*** Data shown Section Begins ***

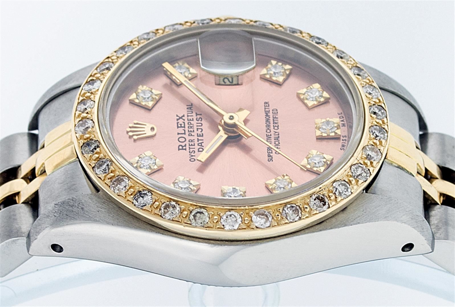 One Ladies Two Tone Rolex Datejust Polished, Serviced & Electronically Tested, 14K Yellow Gold & Stainless Steel Case:26mm, 14K Yellow Gold Crown, Custom Bezel: 18K Yellow Gold Beadset Diamond Bezel, Stone Count: 32 Diamonds, Total Weight .70 Carat, Clarity: Si-VS, Color: G to H. Custom Crystal: Synthetic Sapphire Cyclops Lens. Movement: Automatic Winding Movement Caliber 2030. Custom Dial: Salmon Diamond Dial VVS, Stone Count: 10 Diamonds in Dial, Color: G to H, Clarity: VVS. Date Window: 3 O'Clock Position Date Display, Model: Datejust, Condition: G-6 Extra Fine. Bracelet: Two Tone 14K Yellow Gold & Stainless Steel Jubilee. Bright Polish. 5.5 Inch Length, Adjustable. Standard Clasp, With Rolex Logo. Comes with a 6 month warranty card.
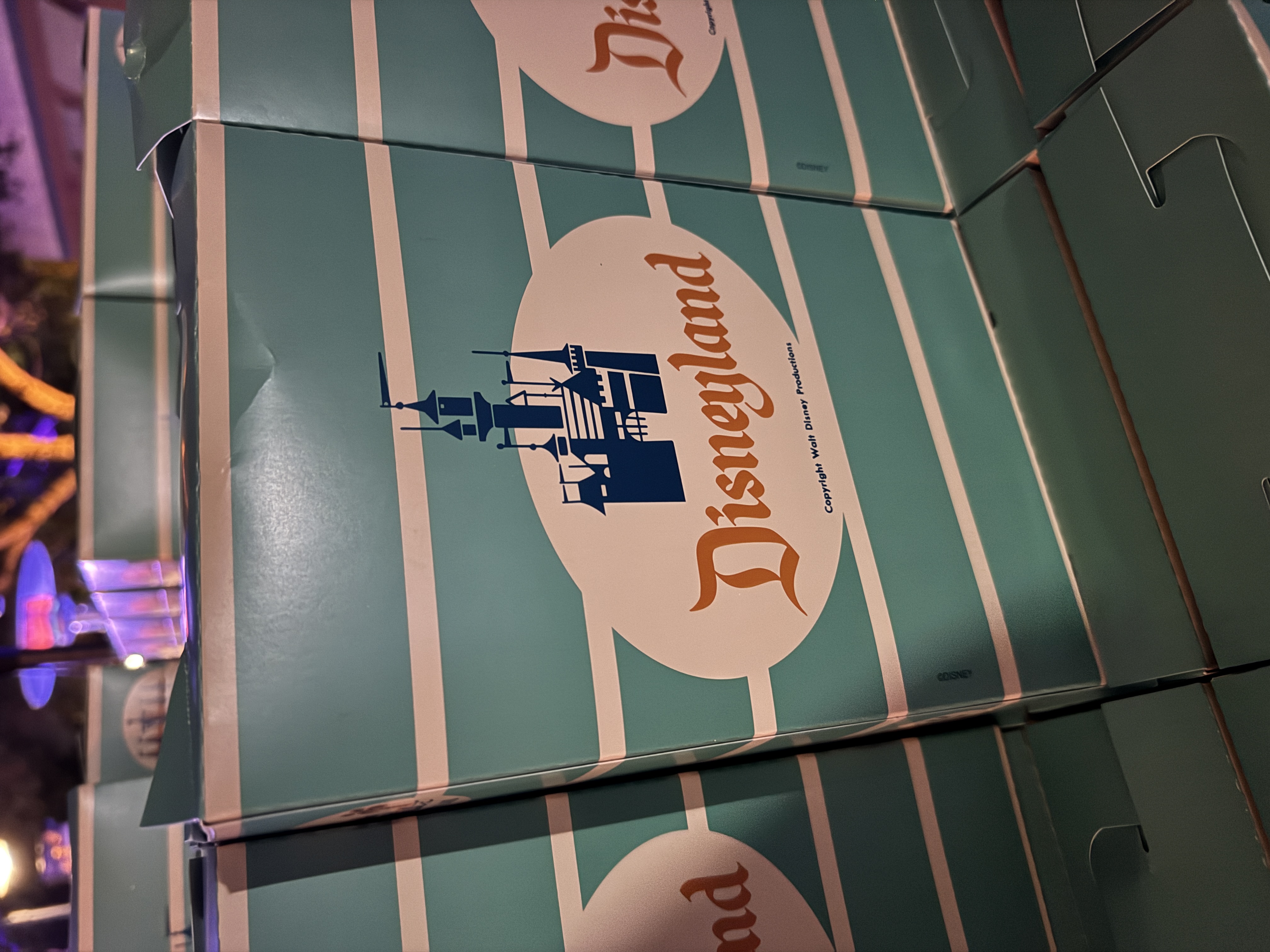 Appropriately, popcorn was served in boxes using a vintage Disneyland design.
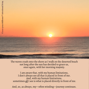 The waves crash onto the shore as I walk on the deserted beach not long after the sun has decided to grace us, once again, with her morning majesty. I am aware that, with my human limitations, I don’t always see all that is placed in front of me. And, with my human limitations, sometimes all I see is what is placed directly in front of me.

*** Data shown Section Ends ***

*What you will do*
Omit any images, then output the listing exactly.

*Reply*
 One Ladies Two Tone Rolex Datejust Polished, Serviced & Electronically Tested, 14K Yellow Gold & Stainless Steel Case:26mm, 14K Yellow Gold Crown, Custom Bezel: 18K Yellow Gold Beadset Diamond Bezel, Stone Count: 32 Diamonds, Total Weight .70 Carat, Clarity: Si-VS, Color: G to H. Custom Crystal: Synthetic Sapphire Cyclops Lens. Movement: Automatic Winding Movement Caliber 2030. Custom Dial: Salmon Diamond Dial VVS, Stone Count: 10 Diamonds in Dial, Color: G to H, Clarity: VVS. Date Window: 3 O'Clock Position Date Display, Model: Datejust, Condition: G-6 Extra Fine. Bracelet: Two Tone 14K Yellow Gold & Stainless Steel Jubilee. Bright Polish. 5.5 Inch Length, Adjustable. Standard Clasp, With Rolex Logo. Comes with a 6 month warranty card.
 Appropriately, popcorn was served in boxes using a vintage Disneyland design.
 The waves crash onto the shore as I walk on the deserted beach not long after the sun has decided to grace us, once again, with her morning majesty. I am aware that, with my human limitations, I don’t always see all that is placed in front of me. And, with my human limitations, sometimes all I see is what is placed directly in front of me.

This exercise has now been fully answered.